Examples of disclosure inaccuracies and omissions related to:
- fees and compensation;
- business, or operations (including affiliates, relationships, number of clients, assets under management);
- client services offered, such as investment strategy, use of models, aggregate trading and account reviews;
- disciplinary information;
- websites and social media accounts; and
- conflicts of interest.
The SEC also observed that marketing materials contained inaccurate or misleading information, sometimes in relation to advisers’ professional experience or qualifications, third-party rankings or performance. In some cases, advisers were unable to provide evidence to substantiate certain factual claims.

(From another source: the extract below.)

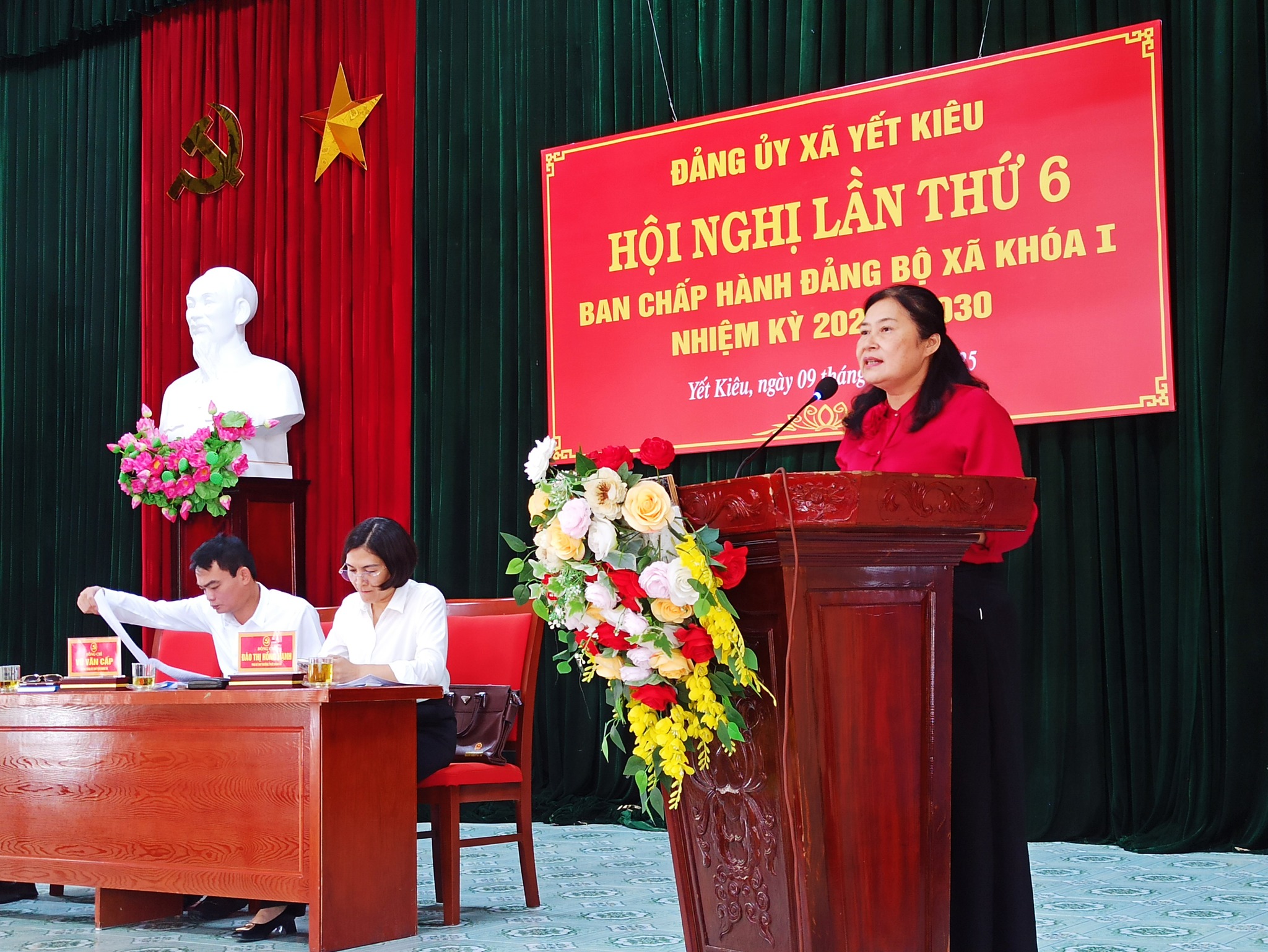 Tại hội nghị, thay mặt Ban Thường vụ, đồng chí Đào Thị Hồng Hạnh - Phó Bí thư Thường trực Đảng uỷ trình bày Tờ trình về kết quả công tác xây dựng Đảng, hoạt động của MTTQ và các đoàn thể Chính trị - Xã hội 9 tháng, nhiệm vụ trọng tâm 3 tháng cuối năm 2025. Theo đó, 9 tháng đầu năm 2025, Đảng ủy xã Yết Kiêu đã tập trung lãnh đạo, chỉ đạo thực hiện hiệu quả nhiệm vụ chính trị, trọng tâm là triển khai mô hình chính quyền địa phương 2 cấp sau sáp nhập. Công tác xây dựng Đảng đạt nhiều kết quả nổi bật: nâng cao chất lượng giáo dục chính trị, tư tưởng; phát triển 13 đảng viên mới, trao tặng 120 Huy hiệu Đảng; cập nhật dữ liệu đảng viên đạt 100%; triển khai nghiêm túc công tác kiểm tra, giám sát, bảo vệ chính trị nội bộ và phòng, chống tham nhũng. Đảng ủy tổ chức thành công Đại hội Đảng bộ xã lần thứ I, nhiệm kỳ 2025–2030; kiện toàn bộ máy tổ chức, phân công nhiệm vụ rõ ràng, bảo đảm hoạt động hiệu lực, hiệu quả. Trung tâm Hành chính công tiếp nhận hơn 2.300 hồ sơ, số hóa 100%. Mặt trận Tổ quốc và các đoàn thể tích cực tuyên truyền, vận động nhân dân đồng thuận thực hiện các chủ trương, phong trào thi đua yêu nước, góp phần củng cố khối đại đoàn kết toàn dân. Ba tháng cuối năm, Đảng ủy tập trung thực hiện Nghị quyết Đại hội, nâng cao hiệu quả tuyên truyền, kiểm tra, giám sát, cải cách hành chính và chuẩn bị tốt bầu cử, đại hội các đoàn thể.

Alongside these observations, it should be noted that previous Risk Alerts contain common examination observations which apply not just to the newly-registered, but to registered investment advisers and registered investment advisers of private funds more generally.
What’s the takeaway?
The SEC will continue to focus on examinations of newly-registered advisers to encourage early engagement with advisers and to assist firms with their compliance programs. Similarly, the SEC will continue to examine existing registered investment advisers, and those advising private funds.
All registered investment advisers are encouraged to review their compliance policies and procedures, marketing, and disclosures, especially with regard to the issues raised above.
An SEC examination should not be something to dread as it does provide much needed interaction between advisers and the SEC. However, there is a very real need to be as prepared! Mock audits allow the firm to assess their compliance program against the SEC’s expectations, educate staff who may not be as familiar with the firm’s policies and procedures and identify areas for improvement in advance of the actual examination.